Гоша развернулся, и мы поехали обратно.
Франсуа нам прислал Жан-Пьер, мой парижский приятель-режиссёр, поставивший мою пьесу «Русский камамбер». Написал в фейсбуке — дальняя родня моей жены, парень из крохотного южного городка, банковский работник, всю жизнь мечтал поехать в Россию, наконец скроил — Москва и Питер плюс хотел бы в Ярославскую область, в глушь. Жан-Пьер трогательно написал русское слово «глушь» — “glouche”. Конечно, отвезём в глушь! Мы с Гошей обожаем таскать гостей по закоулкам, к тому же в Ярославской области осело навалом друзей, «летних людей», деревенских дачников. Нюра и Вася. Дима и Ксю.
И мы погнали!
В качестве гостинца Франсуа преподнёс нам какой-то особенно злокозненный камамбер, провонявший весь самолёт, гостиничные номера и принявшийся за наш автомобиль. Инспектор, остановивший нас для проверки документов, поспешил попрощаться.
Между Угличем и Калязином очень красиво, и ужасно жалко, что невозможно объяснить дивные названия деревень вроде Волковойни или Выпуково.
Когда мы говорили между собой, Франсуа пытался повторять, и у него вышло чудесное слово «послю€шай».
Иногда он спрашивал названия рек и опять с радостным удивлением смотрел по сторонам.
А Гоша сказал:
— Самое лучшее, что есть в России, — лето.
Если бы за нами была погоня, то нас бы нашли по клочкам с неуклюжими рисунками. Они остаются после нас везде, где мы перекусываем. По-французски говорю я плохо, но понимаю вполне сносно и перевожу Гоше. Франсуа же не очень силён в английском. Когда словами объяснить невозможно, мы рисуем.

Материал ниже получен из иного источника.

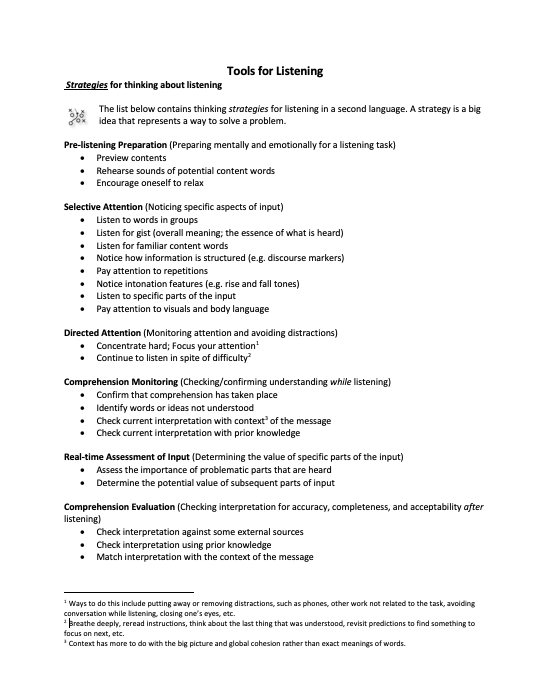 I’ve created a Google Docs version of this list that can be viewed here for more detail. I’m still working on how to introduce this to students. The idea is not that they use all of the strategies and/or all of the tactics on a given assignment, but that they start with 2 or 3 that they practice and get comfortable with. There are four goals here: (1) widen the range of strategies and tactics, (2) learn to choose strategies and tactics that work best with a given type of listening, (3) get better at using them, and (4) engage in dialogue with peers about the process of listening, not just the product.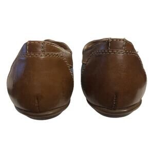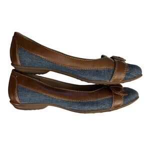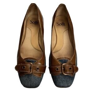Sofft Womens Flats Brown Leather Denim Blue Trim Shoe with Brown Leather Buckle on Toes Brass Buckle 7.5 M Slip On Ballet

Причина интереса Франсуа к Ярославской глуши выходила такая.
В самом начале прошлого века прапрадед Франсуа приехал в Россию кем-то вроде технолога на сырный заводик помещика Мышляткина («Мёшьляткин», — прилежно выговаривает Франсуа), в большом селе у реки.
«Делали русский камамбер?» — шучу я.
«Да, верно! — он радуется. — Русский камамбер!»
И хохочет. Француз, хохочущий громко, как немец.
Приехали к Нюре и Васе, а у них в гостях Володя.
Патриотизм в сочетании с упёртостью довели его до мазохизма — Володя ездит на «ладе-калине». Вот она стоит, не на шутку занемогшая, рядом — замусоленная картонка с маслянистыми деталями «калининого» организма. Володя тоже довольно замусоленный, но смотрит на Франсуа «как солдат на вошь». Наверное, считает всех мужчин со свежевымытыми волосами гомиками. Володя — оголтелый натурал, а что не женат ни разу в свои сорок с лишним, так это потому, что честный и бескомпромиссный. Ждёт большой настоящей любви — вот-вот откуда ни возьмись появится юная, тонкая как тростинка девушка с русой косой и лучистыми глазами, хорошо зарабатывающая и прекрасно готовящая, скромная и целомудренная, жаждущая рожать до упаду. И чем старше и облезлее становится наш жених, тем крепче верит в волшебную встречу.
«Сказала мать — бывает всё, сынок…»
После ужина Франсуа достал планшет, и, подбирая слова и рисуя на листочках, мы погрузились в историю прапрадедушки-сыродела в России.
Прапрадедушка женился, обрусел, пошли де-ти, жили припеваючи, революцию толком не заметили. В конце весны 1918 года по реке пришёл пароходик с пулемётом, дали очередь по колокольне, матросы и солдаты спели и сплясали, дали ещё очередь по дому мельника, пароходик ушёл.
Все удивились, но жили дальше. Жена и дети прапрадедушки, помещик Мышляткин с семь-ёй и все жители села плакали и служили панихиду в конце июля того же года. И опять жили дальше.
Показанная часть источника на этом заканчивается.